§ PROBLEM REQUIREMENTS
From the line that holds "МОТАМСАРО ОНА — МИЛЛАТ ТИМСОЛИ" to the last line of the data, copy everything exactly; leave out all the rest.

(Beginning of PROVIDED DATA)

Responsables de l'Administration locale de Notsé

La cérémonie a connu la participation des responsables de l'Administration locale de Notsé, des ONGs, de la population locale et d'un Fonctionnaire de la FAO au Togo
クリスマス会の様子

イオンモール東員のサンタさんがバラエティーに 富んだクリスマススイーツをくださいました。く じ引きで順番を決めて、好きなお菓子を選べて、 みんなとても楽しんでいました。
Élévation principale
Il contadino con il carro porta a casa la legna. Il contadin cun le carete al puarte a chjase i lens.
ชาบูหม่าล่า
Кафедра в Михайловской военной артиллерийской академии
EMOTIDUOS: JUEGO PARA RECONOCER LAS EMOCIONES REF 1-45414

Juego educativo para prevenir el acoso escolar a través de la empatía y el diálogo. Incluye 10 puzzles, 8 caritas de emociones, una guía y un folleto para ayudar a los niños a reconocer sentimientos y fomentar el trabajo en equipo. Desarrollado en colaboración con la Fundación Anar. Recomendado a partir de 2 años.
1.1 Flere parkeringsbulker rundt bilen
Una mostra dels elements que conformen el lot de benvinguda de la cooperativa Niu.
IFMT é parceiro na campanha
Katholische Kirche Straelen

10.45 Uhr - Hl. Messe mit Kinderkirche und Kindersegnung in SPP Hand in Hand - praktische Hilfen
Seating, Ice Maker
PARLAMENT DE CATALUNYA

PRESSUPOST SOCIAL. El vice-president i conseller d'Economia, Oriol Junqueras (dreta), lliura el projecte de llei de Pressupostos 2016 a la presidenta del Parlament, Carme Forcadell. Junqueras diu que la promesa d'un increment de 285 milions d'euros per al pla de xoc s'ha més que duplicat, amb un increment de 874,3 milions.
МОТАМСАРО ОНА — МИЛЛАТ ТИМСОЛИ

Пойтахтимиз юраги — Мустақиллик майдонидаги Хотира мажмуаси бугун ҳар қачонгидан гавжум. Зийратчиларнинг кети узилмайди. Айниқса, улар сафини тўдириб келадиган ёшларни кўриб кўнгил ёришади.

(End of PROVIDED DATA)

§ EXERCISE RESPONSE
МОТАМСАРО ОНА — МИЛЛАТ ТИМСОЛИ

Пойтахтимиз юраги — Мустақиллик майдонидаги Хотира мажмуаси бугун ҳар қачонгидан гавжум. Зийратчиларнинг кети узилмайди. Айниқса, улар сафини тўдириб келадиган ёшларни кўриб кўнгил ёришади.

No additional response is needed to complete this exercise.